▸ SOURCE INFORMATION

——————————

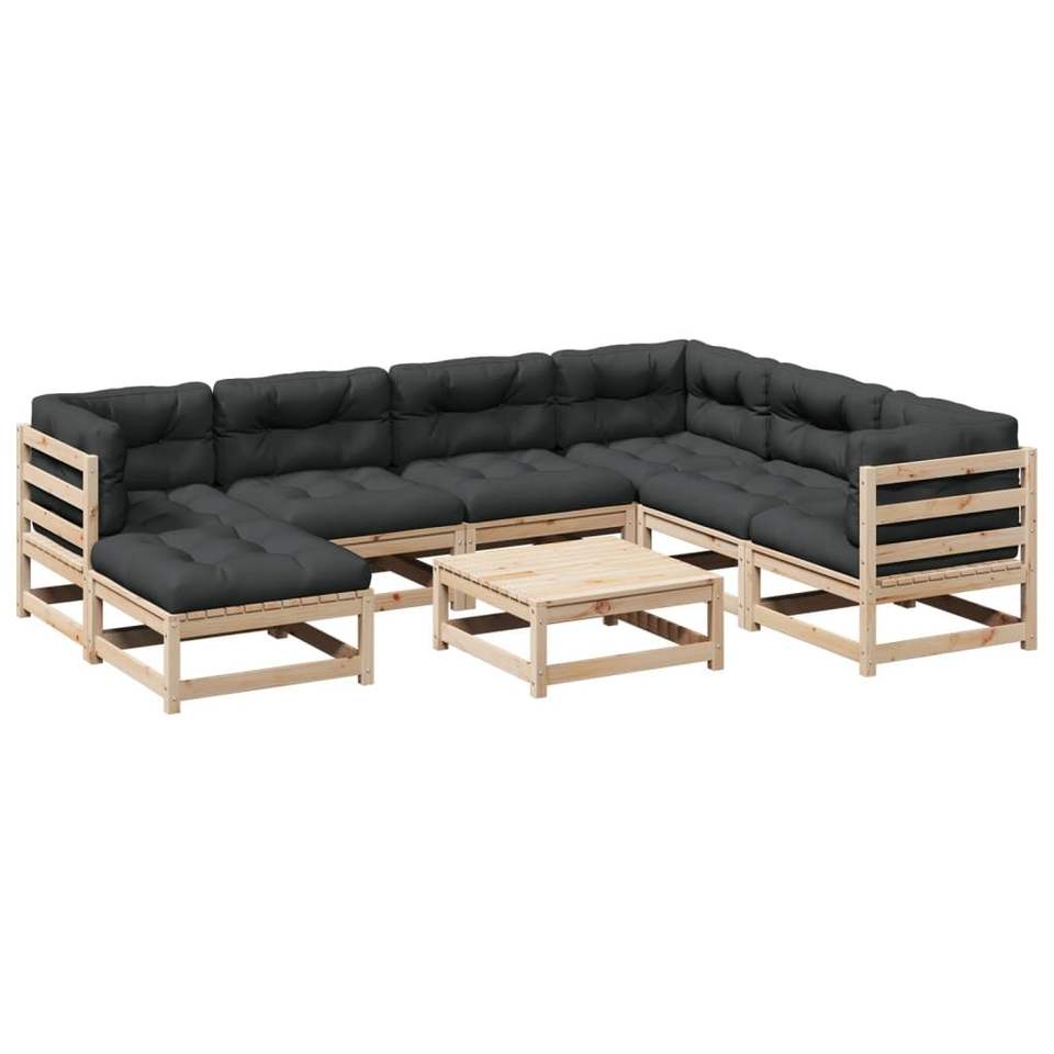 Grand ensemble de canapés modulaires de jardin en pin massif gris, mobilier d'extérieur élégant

——————————

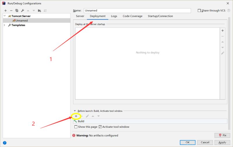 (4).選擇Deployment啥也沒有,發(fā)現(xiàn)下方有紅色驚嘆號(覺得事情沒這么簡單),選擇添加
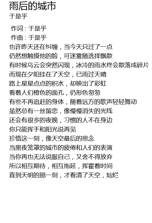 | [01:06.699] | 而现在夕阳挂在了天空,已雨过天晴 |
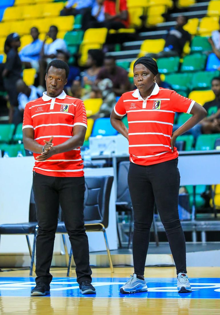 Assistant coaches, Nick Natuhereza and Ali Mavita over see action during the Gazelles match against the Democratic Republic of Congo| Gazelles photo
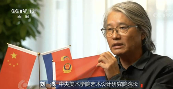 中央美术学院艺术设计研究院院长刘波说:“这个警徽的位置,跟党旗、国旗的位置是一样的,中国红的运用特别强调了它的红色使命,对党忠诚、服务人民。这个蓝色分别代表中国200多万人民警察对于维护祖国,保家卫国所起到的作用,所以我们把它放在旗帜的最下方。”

——————————

▸ EXERCISE OBJECTIVE
Beginning with the line above that has "Assistant coaches, Nick" and going on through the line that has "中央美术学院艺术设计研究院院", retype every line exactly and add nothing else; drop the pictures.

▸ ANSWER FOR THIS EXERCISE
 Assistant coaches, Nick Natuhereza and Ali Mavita over see action during the Gazelles match against the Democratic Republic of Congo| Gazelles photo
 中央美术学院艺术设计研究院院长刘波说:“这个警徽的位置,跟党旗、国旗的位置是一样的,中国红的运用特别强调了它的红色使命,对党忠诚、服务人民。这个蓝色分别代表中国200多万人民警察对于维护祖国,保家卫国所起到的作用,所以我们把它放在旗帜的最下方。”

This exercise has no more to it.